Eli M. Noam is Professor of Economics and Finance at Columbia University and Director of the Columbia Institute for Tele-Information (CITI). The university-based research center focuses on strategy, management, and policy issues in telecommunications, computing, and electronic mass media. Professor Noam has devoted considerable attention to media, and books are by definition media, the means of communication.

In his article “Will Books Become the Dumb Medium?” published in 1998 in the Educom Review, Professor Noam prognosticates that books per se will ultimately have a secondary position to other information sources particularly, and will be used as an entertainment means primarily. While focusing on academia, his statements apply generally without doubt. Originally presented as the keynote address to the Annual Convention of Educom in 1997 (Educom, now Educause, is a noted non-profit organization dedicated to advancing higher education through information technology), it should be required reading for anyone interested in the future of books.

Advancing the transmission of thought and information through technological innovation is a constant human striving:  from cave paintings and oral lore to the invention of writing and alphabets, from stone tablets to papyrus and paper, from scribes to printing presses, from quill pens to typewriters, telegraph, telephones, televisions, computers, laptops, iPhones and Kindles and who knows what next?

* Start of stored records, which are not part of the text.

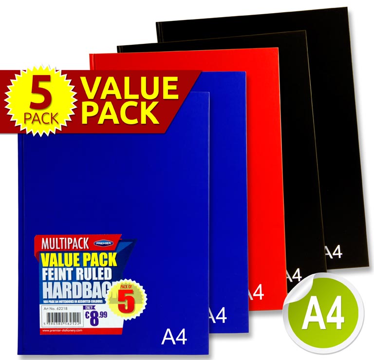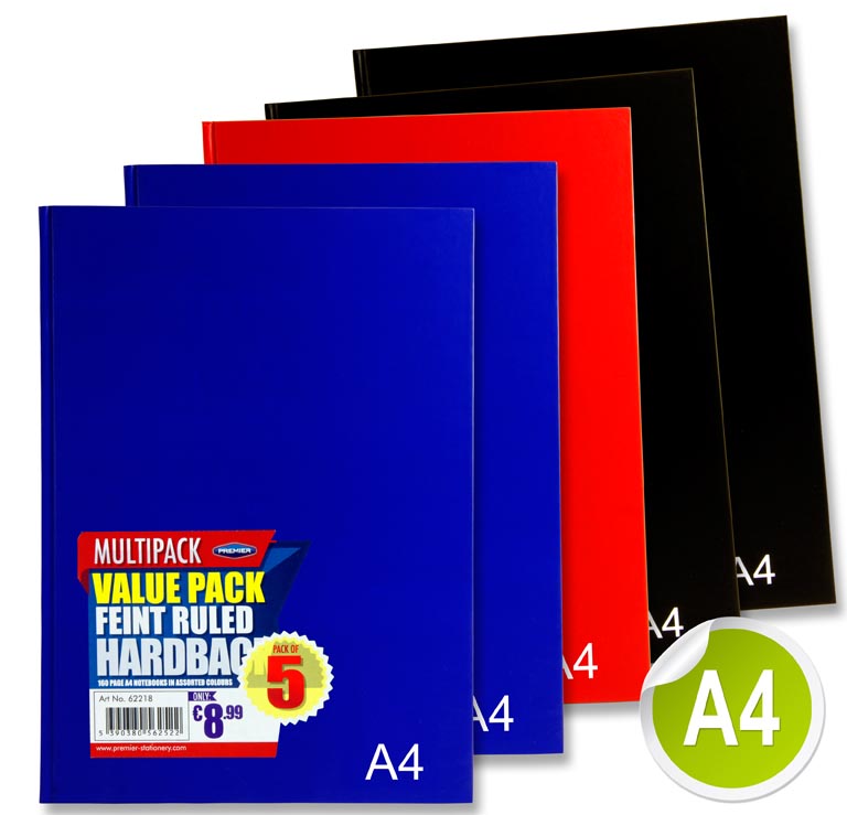 PREMIER PKT.5 A4 160pg HARDCOVER NOTEBOOK 3 ASST BOLD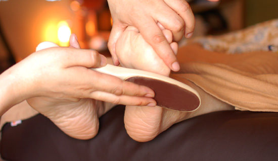 足裏の反射区をほぐし、オイルでふくらはぎを流します。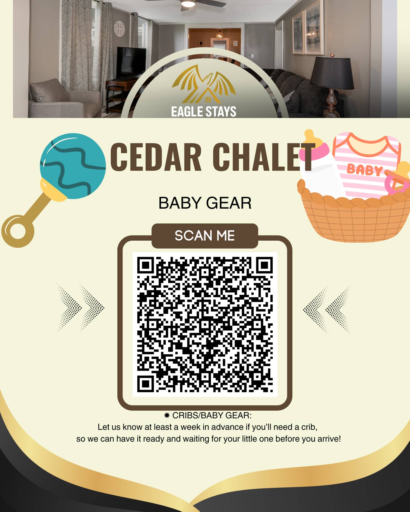✹ CRIBS/BABY GEAR: Let us know at least a week in advance if you’ll need a crib, so we can have it ready and waiting for your little one before you arrive!

Vannevar Bush (1890-1974) I think would venture to speculate on this very question if he were alive today. Fortunately for posterity, his vision of the future is enunciated in the article “As We May Think” published in The Atlantic Monthly (now called simply The Atlantic) in 1945  and comes strikingly close to a 2009 reality.

Dr. Bush was a pioneering American engineer who had a hand in advancing the coming computer age, the atomic age, and was nominal first presidential science adviser. His idea of what he called the “memex” as described in “As We May Think” reads much like a description of how a 5th or 6th generation Kindle might function.

What is particularly fascinating, amidst all the fascinating prescience of Bush, is the incorporation of voice recognition and speech synthesis functionality for the “memex”. Why so?

Enter Dr. William Crossman, Founder and Director of the CompSpeak 2050 Institute for the Study of Talking Computers and Oral Cultures who predicts that “talking computers, VIVOs, will make text/written language obsolete, replace all writing and reading with speech and graphics, democratize information flow worldwide, and recreate an oral culture in the electronically-developed countries by 2050.” (from the online synopsis to the book, VIVO, Voice-In/Voice-Out, The Coming Age of Talking Computers).

Amazing supposition? Perhaps not so much. After thousands of years of technological progression a new oral culture is able to emerge. It may just turn out that what makes oral culture seemingly less advantageous to “literate” societies is not inherent  but rather relates more to the available means by which it is sustained. Move over books and e-readers, here come the VIVOs!